Intelligent Agent Orchestration: The core agent_query tool allows the AI to plan and execute multi-step tasks. It can proactively use a suite of internal capabilities to:
- Search code (capability_searchCodeSnippets)
- Retrieve full file content (capability_getFullFileContent), with summarization for large files.
- List directory contents (capability_listDirectory).
- Fetch adjacent code chunks (capability_getAdjacentFileChunks).
- Analyze repository overviews including diffs and relevant snippets (capability_getRepositoryOverview).
- Request more search results (capability_fetchMoreSearchResults) or more processing time if a query is complex.
Flexible Setup: Runs locally with Ollama or connects to cloud AI like DeepSeek.
Highly Configurable: Offers extensive environment variables to fine-tune indexing parameters, agent behavior (like loop steps and refinement iterations), context processing limits, and specific LLM models for tasks like summarization.

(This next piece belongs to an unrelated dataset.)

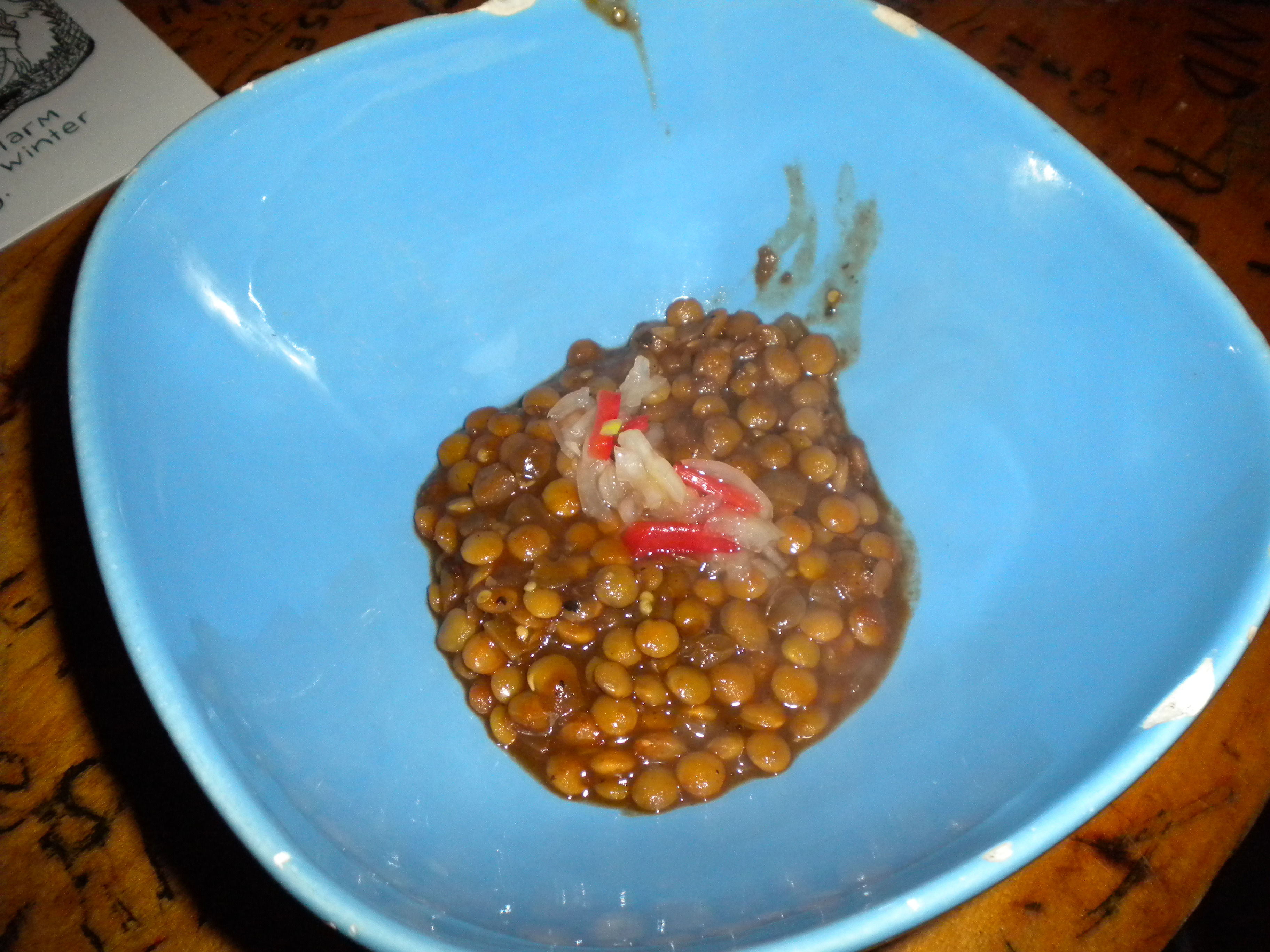 [Ed: Jill served this not with green onions, but some potent red onions quick-pickled with peppers, salt, sugar, and white balsamic vinegar. Their tart sweetness made a great counterpoint to the smoky lentils. And, bonus, the entire bowl is vegan and gluten-free.]

Project Status and Roadmap

Current Status: CodeCompass has successfully implemented its core features, including:

Codebase analysis using Qdrant Vector Store.
Agentic RAG (Retrieval Augmented Generation) for intelligent AI suggestions.
Flexible integration with local LLMs via Ollama (e.g., llama3.1:8b, nomic-embed-text:v1.5) and cloud-based LLMs like DeepSeek.

The project is actively maintained and considered stable for its current feature set.

Future Enhancements (Under Consideration): While the core functionality is robust, potential future directions include:

Support for a broader range of LLM providers (e.g., OpenAI, Gemini, Claude).
More sophisticated agent capabilities and additional tool integrations.
Enhanced repository indexing techniques for even more precise context retrieval.
Streamlined user configuration and an even smoother setup experience.
Deeper integrations with various IDEs and development workflows.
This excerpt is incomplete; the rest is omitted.